## Work instructions
The answer is all of the data repeated exactly, with each picture omitted.

Start of The data

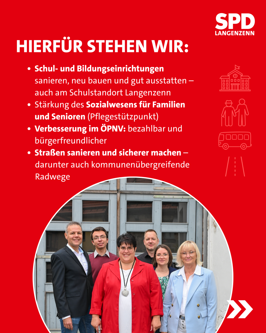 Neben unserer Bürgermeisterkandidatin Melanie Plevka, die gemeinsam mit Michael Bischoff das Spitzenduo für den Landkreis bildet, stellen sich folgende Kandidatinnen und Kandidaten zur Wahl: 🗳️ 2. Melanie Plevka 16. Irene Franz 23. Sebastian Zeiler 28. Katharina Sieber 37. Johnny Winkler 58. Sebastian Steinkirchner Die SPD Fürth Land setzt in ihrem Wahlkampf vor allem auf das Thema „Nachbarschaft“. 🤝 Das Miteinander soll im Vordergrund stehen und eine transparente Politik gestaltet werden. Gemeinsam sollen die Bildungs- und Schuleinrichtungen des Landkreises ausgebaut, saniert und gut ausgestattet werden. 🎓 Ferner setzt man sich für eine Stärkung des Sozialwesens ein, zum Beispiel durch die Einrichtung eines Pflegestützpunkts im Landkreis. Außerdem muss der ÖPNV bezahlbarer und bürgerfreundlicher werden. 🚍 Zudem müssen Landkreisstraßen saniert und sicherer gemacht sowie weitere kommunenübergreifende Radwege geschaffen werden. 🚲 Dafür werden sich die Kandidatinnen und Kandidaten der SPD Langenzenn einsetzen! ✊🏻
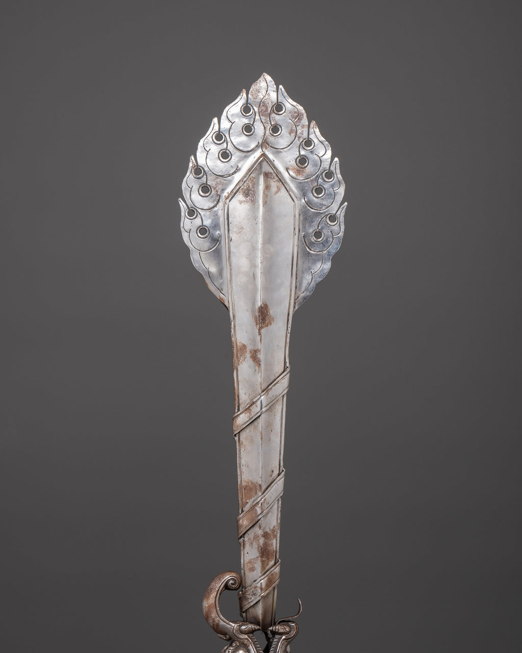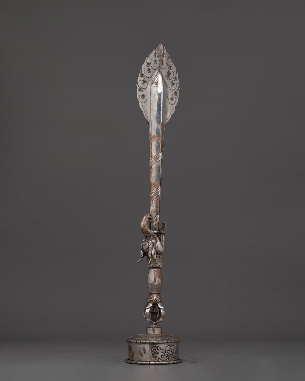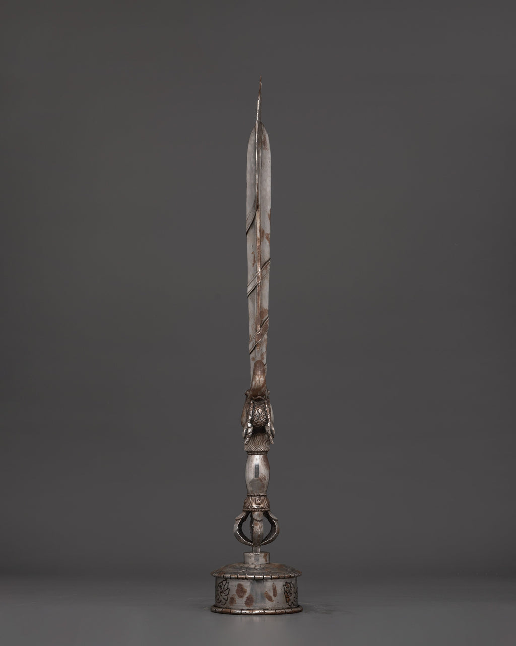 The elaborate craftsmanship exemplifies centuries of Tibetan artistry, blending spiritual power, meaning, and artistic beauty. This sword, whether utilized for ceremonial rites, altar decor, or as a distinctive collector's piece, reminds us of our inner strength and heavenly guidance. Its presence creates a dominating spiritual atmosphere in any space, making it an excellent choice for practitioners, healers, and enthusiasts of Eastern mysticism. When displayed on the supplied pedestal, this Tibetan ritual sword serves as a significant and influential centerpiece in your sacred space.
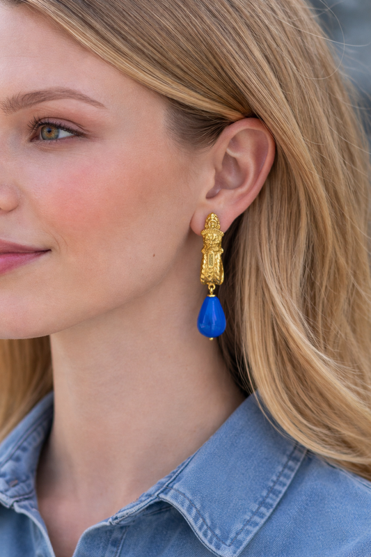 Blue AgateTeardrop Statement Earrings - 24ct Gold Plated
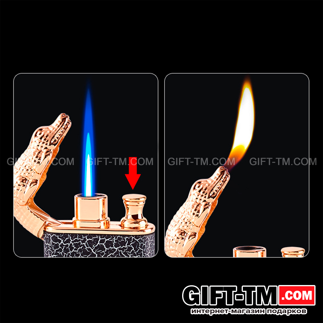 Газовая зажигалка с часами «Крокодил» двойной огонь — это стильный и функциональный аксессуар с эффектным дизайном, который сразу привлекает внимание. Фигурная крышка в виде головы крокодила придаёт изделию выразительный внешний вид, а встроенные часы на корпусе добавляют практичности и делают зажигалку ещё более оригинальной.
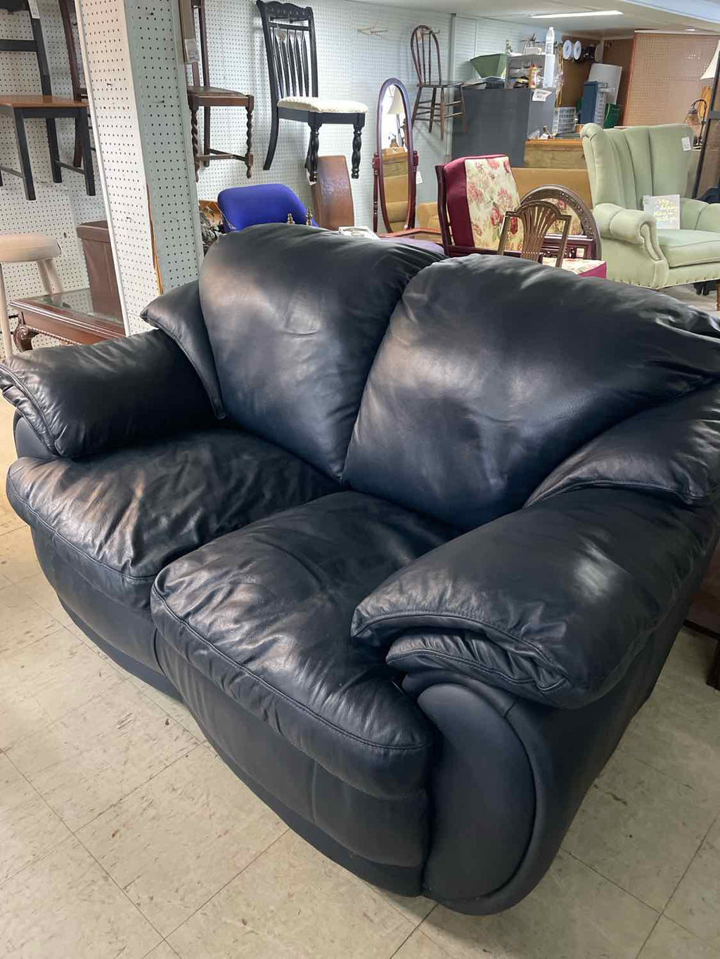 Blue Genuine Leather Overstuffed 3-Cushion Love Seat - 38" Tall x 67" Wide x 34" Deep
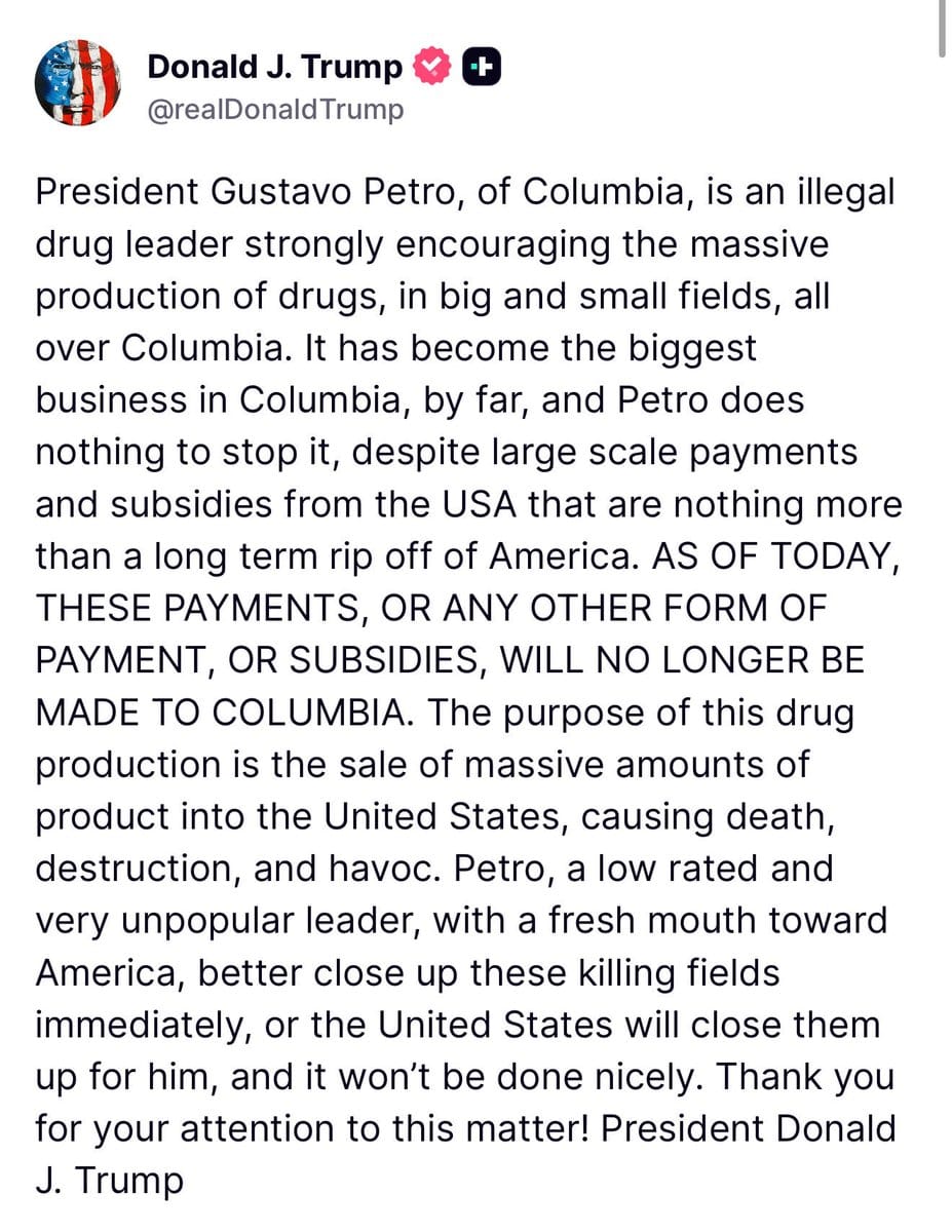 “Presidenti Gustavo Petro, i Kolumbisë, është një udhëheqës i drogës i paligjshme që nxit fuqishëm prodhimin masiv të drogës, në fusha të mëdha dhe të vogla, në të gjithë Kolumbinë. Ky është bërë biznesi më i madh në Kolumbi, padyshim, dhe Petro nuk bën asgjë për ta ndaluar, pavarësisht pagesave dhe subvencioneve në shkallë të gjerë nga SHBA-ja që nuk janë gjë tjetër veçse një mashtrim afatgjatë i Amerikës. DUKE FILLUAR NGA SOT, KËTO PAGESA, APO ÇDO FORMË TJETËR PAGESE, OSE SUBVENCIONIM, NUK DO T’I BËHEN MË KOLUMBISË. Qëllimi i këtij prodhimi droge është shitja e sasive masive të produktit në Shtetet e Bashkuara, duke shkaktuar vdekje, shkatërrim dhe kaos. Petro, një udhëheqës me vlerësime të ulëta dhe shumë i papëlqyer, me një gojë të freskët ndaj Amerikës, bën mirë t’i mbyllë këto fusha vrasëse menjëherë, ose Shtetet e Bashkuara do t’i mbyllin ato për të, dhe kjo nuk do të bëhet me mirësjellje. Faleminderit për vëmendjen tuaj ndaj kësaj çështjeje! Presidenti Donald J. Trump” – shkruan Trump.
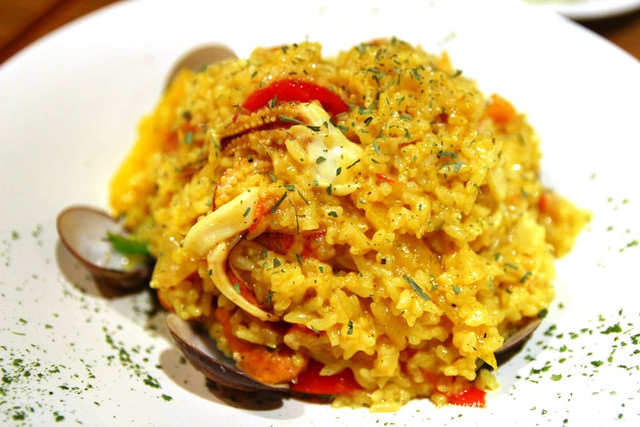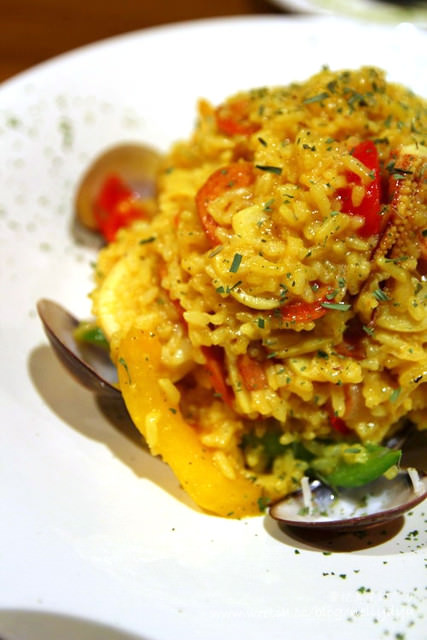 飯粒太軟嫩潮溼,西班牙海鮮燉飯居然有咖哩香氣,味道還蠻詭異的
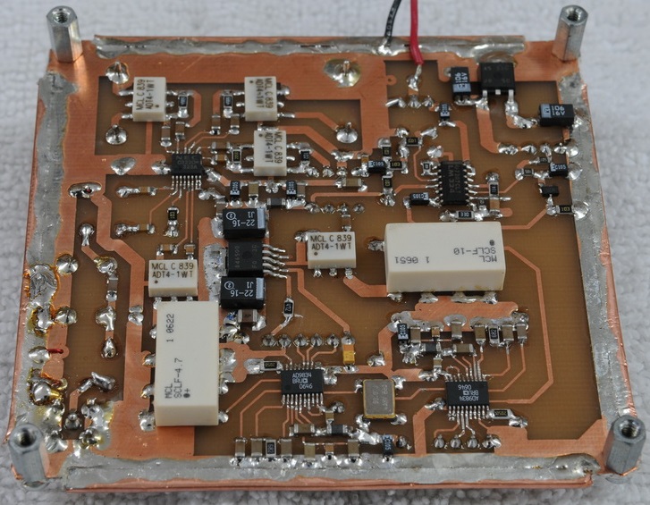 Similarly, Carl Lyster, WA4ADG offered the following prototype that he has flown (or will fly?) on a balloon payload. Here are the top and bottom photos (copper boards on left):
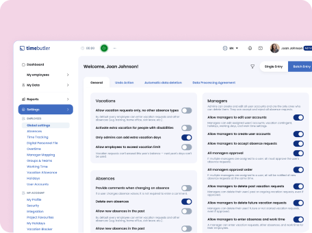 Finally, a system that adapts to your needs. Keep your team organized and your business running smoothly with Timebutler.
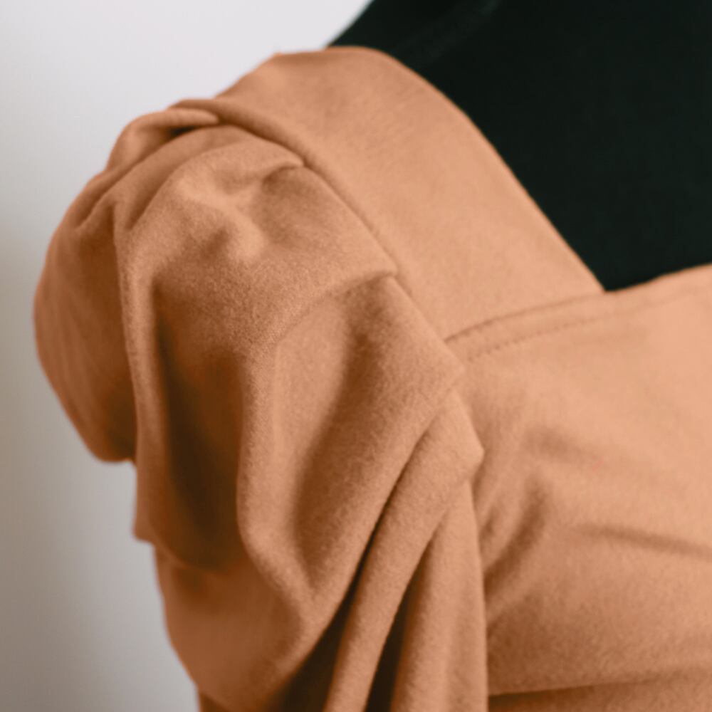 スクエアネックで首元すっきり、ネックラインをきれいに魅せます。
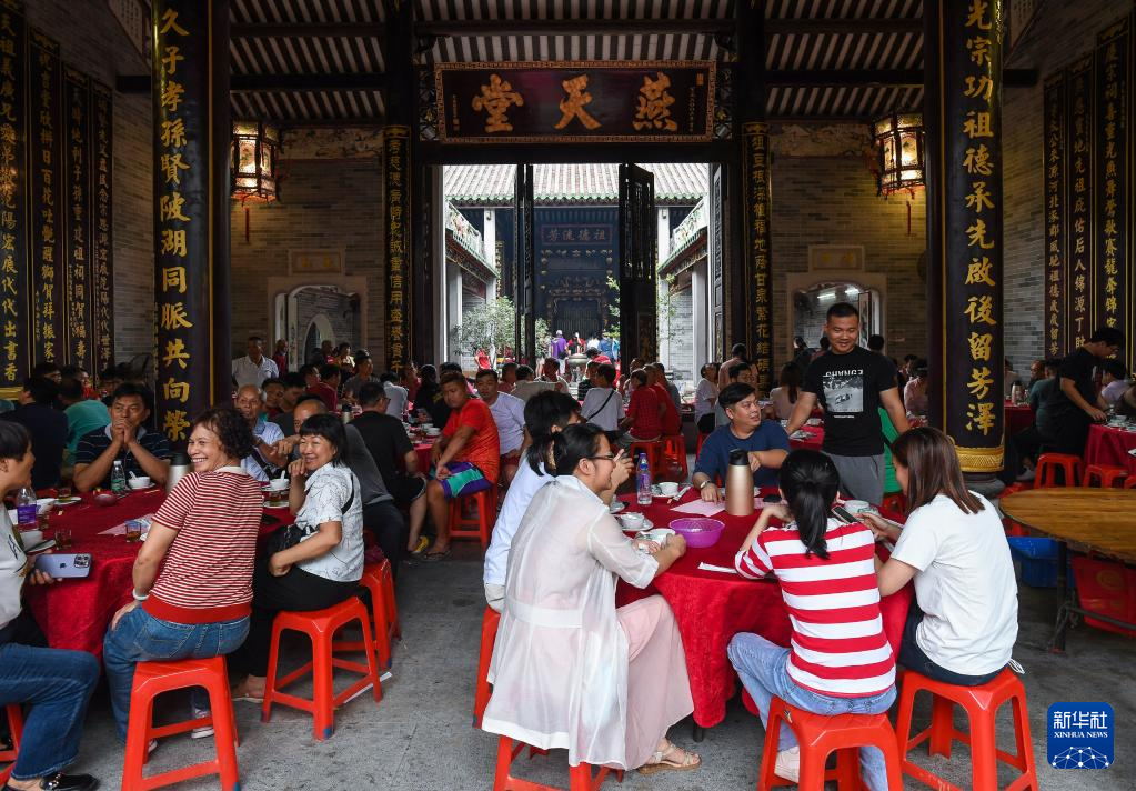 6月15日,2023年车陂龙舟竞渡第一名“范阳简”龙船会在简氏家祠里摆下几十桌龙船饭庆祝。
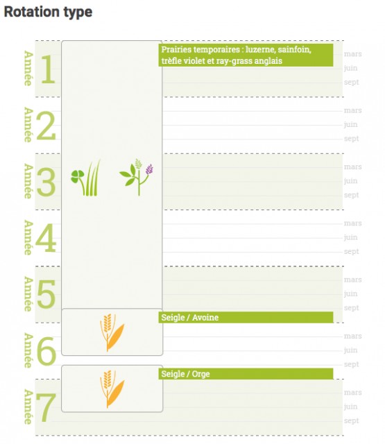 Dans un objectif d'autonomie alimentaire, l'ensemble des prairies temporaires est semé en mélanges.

End of The data

## Exercise solution
 Neben unserer Bürgermeisterkandidatin Melanie Plevka, die gemeinsam mit Michael Bischoff das Spitzenduo für den Landkreis bildet, stellen sich folgende Kandidatinnen und Kandidaten zur Wahl: 🗳️ 2. Melanie Plevka 16. Irene Franz 23. Sebastian Zeiler 28. Katharina Sieber 37. Johnny Winkler 58. Sebastian Steinkirchner Die SPD Fürth Land setzt in ihrem Wahlkampf vor allem auf das Thema „Nachbarschaft“. 🤝 Das Miteinander soll im Vordergrund stehen und eine transparente Politik gestaltet werden. Gemeinsam sollen die Bildungs- und Schuleinrichtungen des Landkreises ausgebaut, saniert und gut ausgestattet werden. 🎓 Ferner setzt man sich für eine Stärkung des Sozialwesens ein, zum Beispiel durch die Einrichtung eines Pflegestützpunkts im Landkreis. Außerdem muss der ÖPNV bezahlbarer und bürgerfreundlicher werden. 🚍 Zudem müssen Landkreisstraßen saniert und sicherer gemacht sowie weitere kommunenübergreifende Radwege geschaffen werden. 🚲 Dafür werden sich die Kandidatinnen und Kandidaten der SPD Langenzenn einsetzen! ✊🏻
 The elaborate craftsmanship exemplifies centuries of Tibetan artistry, blending spiritual power, meaning, and artistic beauty. This sword, whether utilized for ceremonial rites, altar decor, or as a distinctive collector's piece, reminds us of our inner strength and heavenly guidance. Its presence creates a dominating spiritual atmosphere in any space, making it an excellent choice for practitioners, healers, and enthusiasts of Eastern mysticism. When displayed on the supplied pedestal, this Tibetan ritual sword serves as a significant and influential centerpiece in your sacred space.
 Blue AgateTeardrop Statement Earrings - 24ct Gold Plated
 Газовая зажигалка с часами «Крокодил» двойной огонь — это стильный и функциональный аксессуар с эффектным дизайном, который сразу привлекает внимание. Фигурная крышка в виде головы крокодила придаёт изделию выразительный внешний вид, а встроенные часы на корпусе добавляют практичности и делают зажигалку ещё более оригинальной.
 Blue Genuine Leather Overstuffed 3-Cushion Love Seat - 38" Tall x 67" Wide x 34" Deep
 “Presidenti Gustavo Petro, i Kolumbisë, është një udhëheqës i drogës i paligjshme që nxit fuqishëm prodhimin masiv të drogës, në fusha të mëdha dhe të vogla, në të gjithë Kolumbinë. Ky është bërë biznesi më i madh në Kolumbi, padyshim, dhe Petro nuk bën asgjë për ta ndaluar, pavarësisht pagesave dhe subvencioneve në shkallë të gjerë nga SHBA-ja që nuk janë gjë tjetër veçse një mashtrim afatgjatë i Amerikës. DUKE FILLUAR NGA SOT, KËTO PAGESA, APO ÇDO FORMË TJETËR PAGESE, OSE SUBVENCIONIM, NUK DO T’I BËHEN MË KOLUMBISË. Qëllimi i këtij prodhimi droge është shitja e sasive masive të produktit në Shtetet e Bashkuara, duke shkaktuar vdekje, shkatërrim dhe kaos. Petro, një udhëheqës me vlerësime të ulëta dhe shumë i papëlqyer, me një gojë të freskët ndaj Amerikës, bën mirë t’i mbyllë këto fusha vrasëse menjëherë, ose Shtetet e Bashkuara do t’i mbyllin ato për të, dhe kjo nuk do të bëhet me mirësjellje. Faleminderit për vëmendjen tuaj ndaj kësaj çështjeje! Presidenti Donald J. Trump” – shkruan Trump.
 飯粒太軟嫩潮溼,西班牙海鮮燉飯居然有咖哩香氣,味道還蠻詭異的
 Similarly, Carl Lyster, WA4ADG offered the following prototype that he has flown (or will fly?) on a balloon payload. Here are the top and bottom photos (copper boards on left):
 Finally, a system that adapts to your needs. Keep your team organized and your business running smoothly with Timebutler.
 スクエアネックで首元すっきり、ネックラインをきれいに魅せます。
 6月15日,2023年车陂龙舟竞渡第一名“范阳简”龙船会在简氏家祠里摆下几十桌龙船饭庆祝。
 Dans un objectif d'autonomie alimentaire, l'ensemble des prairies temporaires est semé en mélanges.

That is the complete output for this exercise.